CHICAGO – Police Superintendent Eddie Johnson said Monday that the suspected gunman in the weekend killing of an off-duty officer shot "the first Hispanic man he came in contact with" after an earlier petty dispute with a separate group of Latinos.

The "nightmare" began about 2:25 a.m. Saturday, in the city's River North neighborhood, police said, when the suspect identified as Menelik Jackson got into a confrontation with some Hispanic men on a party bus.

The suspect returned later with a gun, but the men were no longer there, Johnson said.

In what Johnson called "an act of cowardice," the suspect opened fire into a parked car a block from the initial confrontation, fatally shooting off-duty Chicago police officer John P. Rivera, 23, and critically wounding the officer's friend, also 23, who is in the military reserve.

At a news conference at police headquarters, the superintendent said that the department would pursue possible hate crime charges against Jackson for targeting Rivera.

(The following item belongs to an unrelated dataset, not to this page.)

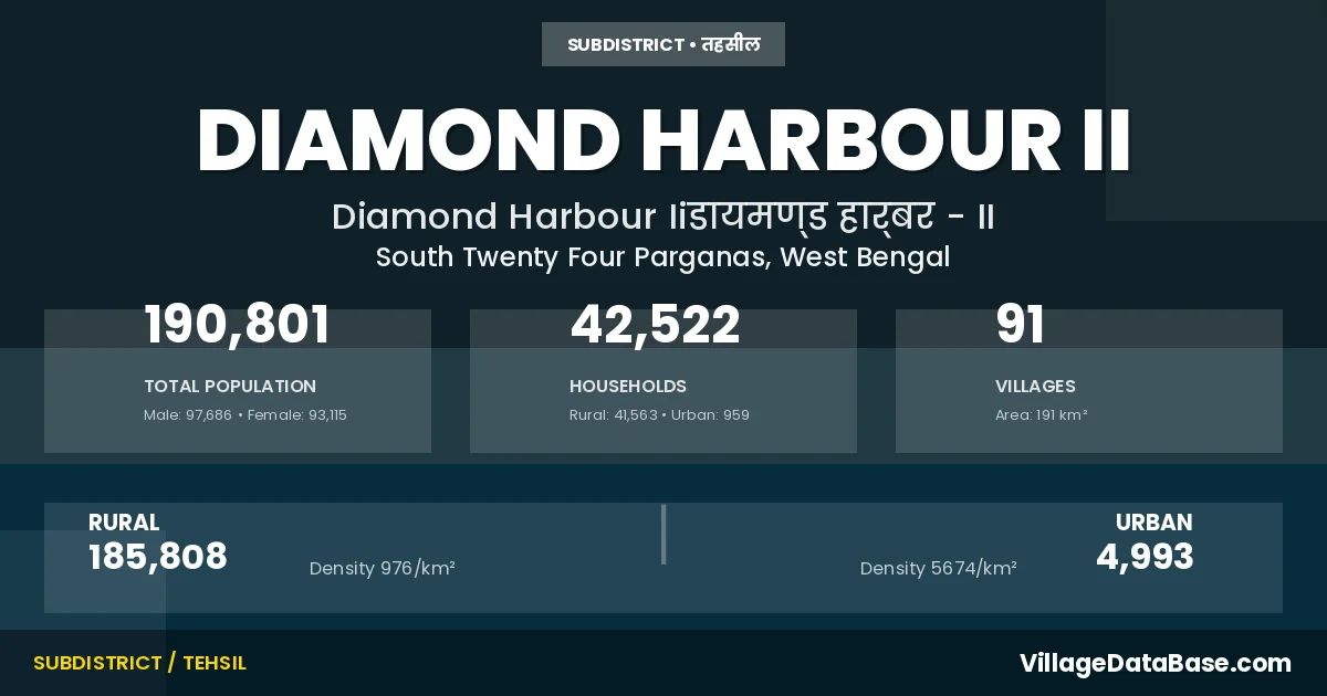 According to the 2011 census The total area of Diamond Harbour II Subdivision is 191 km², with a population of 190801 people. The population density is 997 inhabitants per square kilometre, and there are approximately 42522 houses in the sub district.

Two others in the car, including another off-duty officer, were uninjured.

At a bond hearing, Judge John Fitzgerald Lyke Jr. ordered that Jackson, 24, of South Holland, and co-defendant Jovan Battle, 32, of Chicago, be held without bond on one count of murder and three counts of attempted murder.

"Both gentlemen pose a real and present threat to the victims, the live victims in this case, this community and every other human being on the planet that they come into contact with," the judge said.

Cook County prosecutors said the confrontation outside a McDonald's with the men from a party bus escalated after a third suspect yet to be arrested was punched in the face. The fight was caught on surveillance cameras but broke up when police arrived.